Once that is done the WCCP server will start redirecting traffic. If no WCCP clients are active then the server will just forward traffic as per normal. If one or more WCCP clients are active then the switch will load balance traffic between them depending on configuration.

TCAM

Stands for Ternary Content-addressable Memory. It is used for hardware forwarding, packets are compared against the TCAM table and it tells the switch or router how to forward them. If an entry isn't found in the TCAM table then the packet must be software routed which is not desirable.
Ternary means there are three values, 0, 1 and don't care. "don't care" is represented by an x in this doc and just to really confuse you I'll use 0x to prefix any hex values.


Redirect ACLs

The redirection ACL tells the WCCP server what traffic to intercept and divert to the WCCP client/s, any traffic not matching is passed as normal. As this ACL is likely to be applied on an interface seeing a lot of traffic (probably all transit traffic for the network) then you want it to run entirely in hardware and be as fast as possible. There are a couple of rules with regards to TCAM usage and this ACL:

  • Each permit statement in the ACL requires at least one TCAM entry.
  • Each load balanced path requires at least one TCAM entry.
  • The number of load balanced paths can be calculated with the number of bits in the assignment mask (see below).
  • In all cases except where the mask is 0x0, Deny statements use less TCAM entries than Permit statements. This is because you don't need to load balance traffic being dropped so a Deny statement will only take up 1 TCAM entry.




The Mask.

Cisco switches only support hardware forwarding for WCCP mask based assignments, not using the hash method.The mask is a hexadecimal value that does several things:
  • Restricts how many WCCP clients can be part of the load balancing arrangement.
  • Affects the TCAM usage by WCCP.
  • Defines what IP addresses are load balanced to which WCCP clients.
The last point is critical for WAN optimisers which work in pairs by forming shared byte caches, if you have a farm of WAN optimisers, e.g. in a data centre, then you want remote sites to always speak to the same member of the farm to avoid having to maintain multiple shared caches. i.e. all hosts within a certain subnet will be load balanced to the same WCCP client.

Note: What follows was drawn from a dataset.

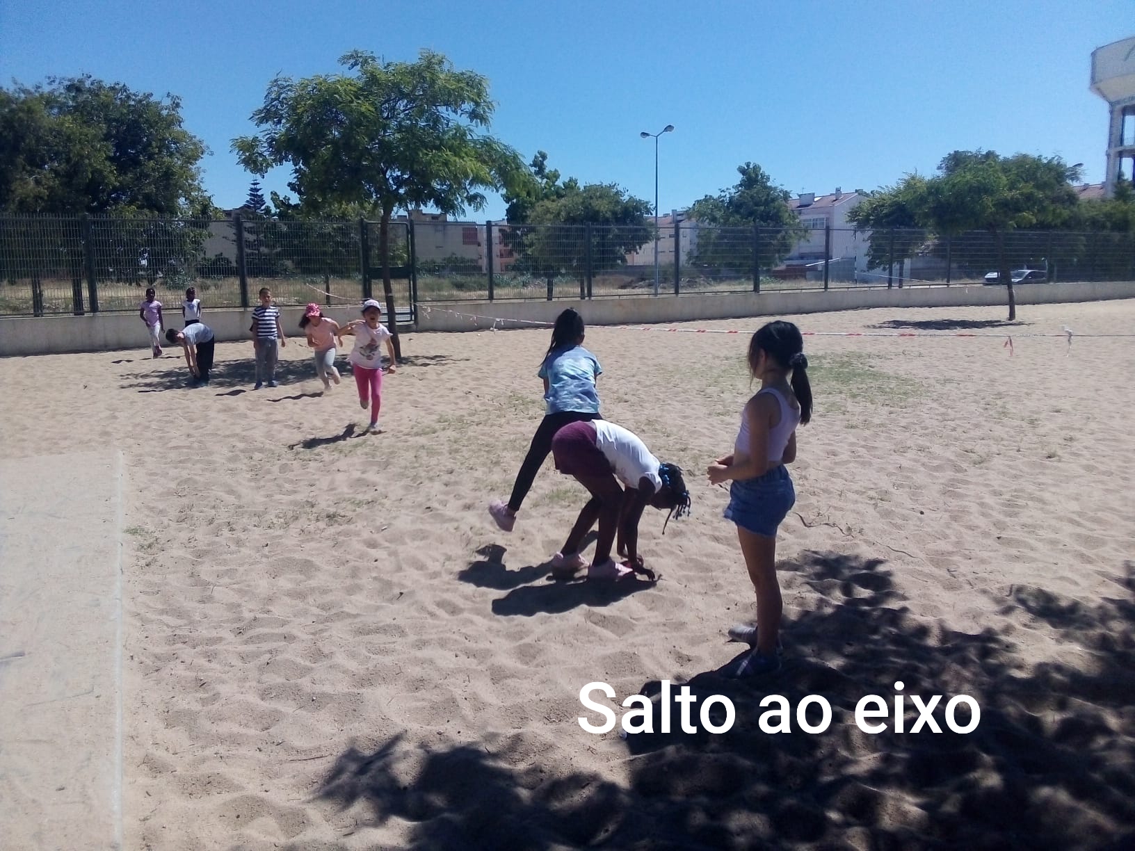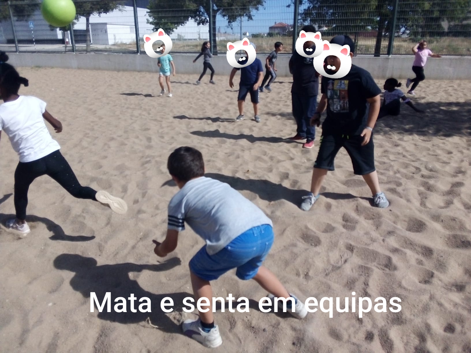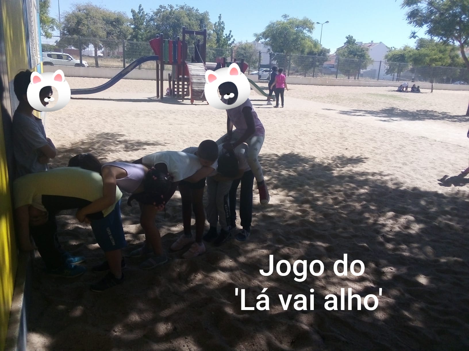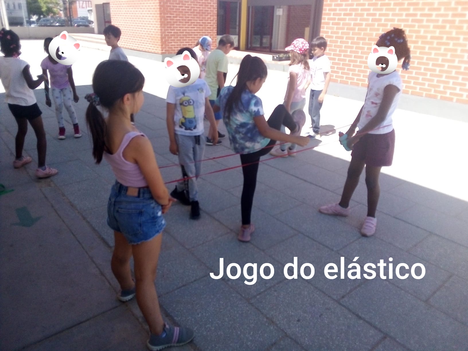 Depois do último confinamento, as AEC’s voltaram à ação! Hoje fica para a atividade física com um jogo do elástico, salto ao eixo, jogo do “Lá vai alho”, futebol sentado e mata!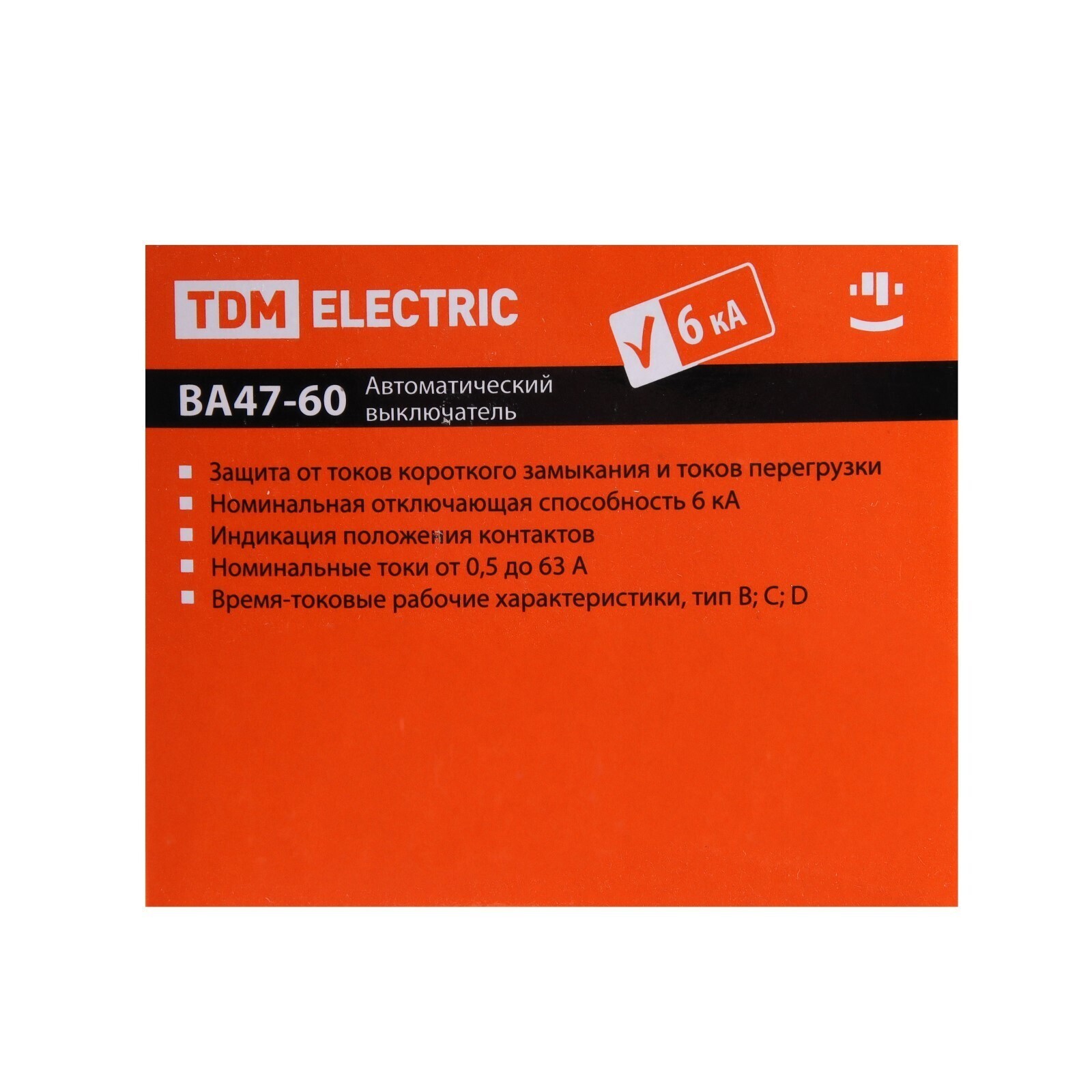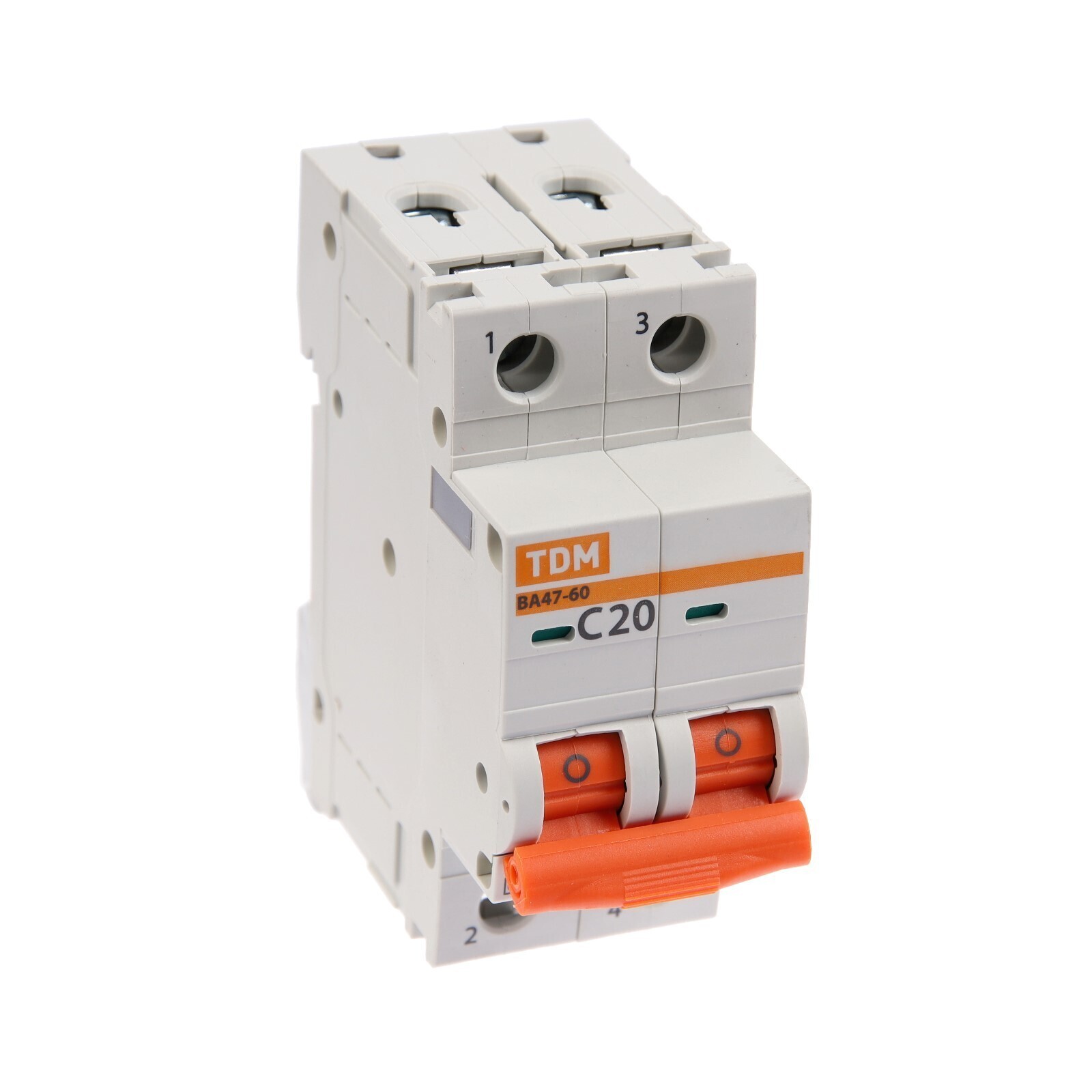 Выключатель автоматический TDM ВА47-60, 2п, 20 А, 6 кА, C, SQ0223-0094

The masks are written in hex and usually configured in hex, but I found to make sense of them it's best to convert them to binary. Also convert the IP addresses to binary and think of the mask being applied bit-by-bit. 

The mask is configured on the WCCP client, e.g. the WAN Optimiser or Proxy Server, which then informs the server during the WCCP session negotiation.

How the Switch Uses the Mask

On Cisco switches all combinations of bits in the mask are used to create different values. These values are applied to the IP addresses in the redirect ACL to create entries in the forwarding table (TCAM), which the switch uses to forward the traffic to WCCP clients.

For example a mask of 0x10 in binary is represented as 0001 0000.
The available combinations of bits are: 0000 0000 and 0001 0000
Because it's a ternary mask we are only interested in the specific bit used in the original mask, the other zero's all become "don't care" values, so the two masks the forwarding table will end up using are:
xxx1 xxxx
xxx0 xxxx

These masks would be applied against the ACL and used to create the TCAM forwarding paths for the traffic, any IP address with a 1 in the 5th position would match the first mask and any with a 0 in the 5th position would match the second. If you configure this mask then look at the WCCP session it appears as below:

Switch#show ip wccp 100 detail
WCCP Client information:
   WCCP Client ID:    192.168.0.100
   Protocol Version:   2.0
   State:     Usable
   Redirection:    L2
   Packet Return:    L2
   Packets Redirected:   0
   Connect Time:     00:01:07
   Assignment:     MASK

   Mask SrcAddr DstAddr SrcPort DstPort
   ---- ------- ------- ------- -------
   0000: 0x00000010 0x00000000 0x0000 0x0000

   Value SrcAddr DstAddr SrcPort DstPort CE-IP
   ----- ------- ------- ------- ------- -----
   0000: 0x00000000 0x00000000 0x0000 0x0000 0xC0A80064 (192.168.0.100)
   0001: 0x00000010 0x00000000 0x0000 0x0000 0xC0A80064 (192.168.0.100)



Mask Load Balancing.

The number of bits in the mask determines how many devices you can load balance traffic between.

A mask of 0x0 does not allow load balancing and will give a single path only (useful if you only have a single WCCP client and are short on TCAM).

A mask of 0x1 allows for load balancing between 2 WCCP clients only. The binary mask values can be either 0 or 1.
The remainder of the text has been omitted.